The vendor API calls my application back on a separate thread with a pointer to a API-defined class object -- this is what they call a 'tick'.  I drop this tick into a std:queue (part of my problem is also deciding on the right data structure).

A reader thread which constantly monitors the queue, pulls out this tick and sends it to another dispatcher component that will take care of processing it.  The dispatcher could also run a pool of threads or something like that so that the reader thread doesn't stay blocked waiting for the dispatcher to complete its entire processing.

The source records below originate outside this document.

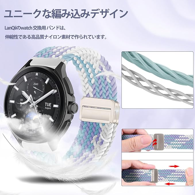 [LanQii] バンド 22mm 対応 20mm 対応 バンド 交換ベルト ナイロン バンド 編み込み 磁気吸着取り付け スポーツ用 弾力性 長さ無段階調整 柔軟 防汗 通気 夏向け 男女兼用 簡単取り付け コンパチブル 22mm 対応 バンド - ブルー&パープル(22mm) | etshop
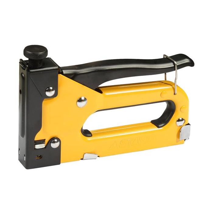 Степлер мебельный изготовлен из хромированной стали. Оснащен регулируемым механизмом контроля силы удара и глубины забивания. Для степлера подходят скобы тип 53 4-14 мм. Используются во время выполнения столярных работ для крепления материала из гипсокартона, пластика, ДСП и других схожих материалов, к другим различным поверхностям.
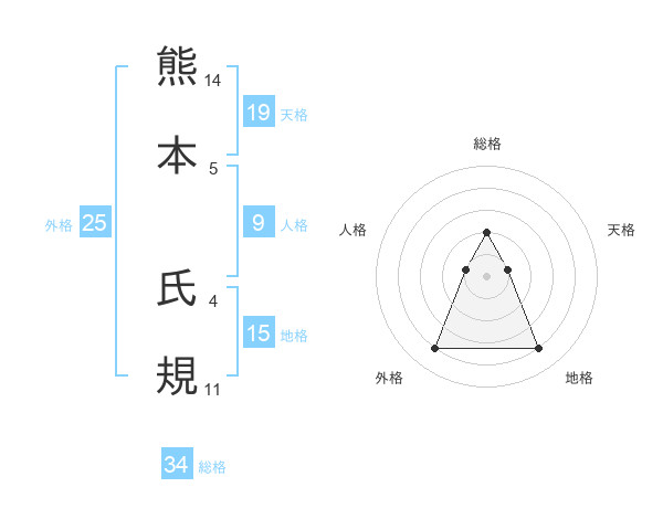 熊本 氏規さんの総格は34画の2点!

Does this sound like a reasonable approach?  this is considering the fact that I could end up processing literally a few thousand ticks *per second*!
Dilip Send private email
Friday, January 26, 2007
 
 
To handle high volume, you want to touch each item as few times as possible. I don't know exactly what you do with each item but your proposal strikes me as "too many moving parts": callbacks, queue monitors, dispatchers... The most efficient would be to process the item directly when it's delivered. Unless you're running on a multi-processor machine, using lots of threads is actually going to slow it down.  Just something to think about. To validate the design, run some performance tests on some alternate skeleton implementations.
Mike S Send private email
Friday, January 26, 2007
 
 
You might be able to optimize things if your app only really needs to know the most recent price, which would be the case for many simple quote display apps. A great many of those ticks will likely be at the same price as the preceding one, and you could bypass a lot of processing if you can quickly determine that the new quote is the same as the old one, and the only thing that's changed is volume. On the other hand, maybe your app cares about volume, in which case you'd obviously need to process everything.
Greg Send private email
Friday, January 26, 2007
 
 
You might want to look into using kdb+ and q instead of c++
kdb+ consultant Send private email
Friday, January 26, 2007
 
 
That's a lot of ticks per second. :)  By your desire to use worker threads, I'm guessing processing each tick is I/O-bound (e.g. they get dumped into a DB). Is there concern that the I/O may become saturated if you process each tick data right away?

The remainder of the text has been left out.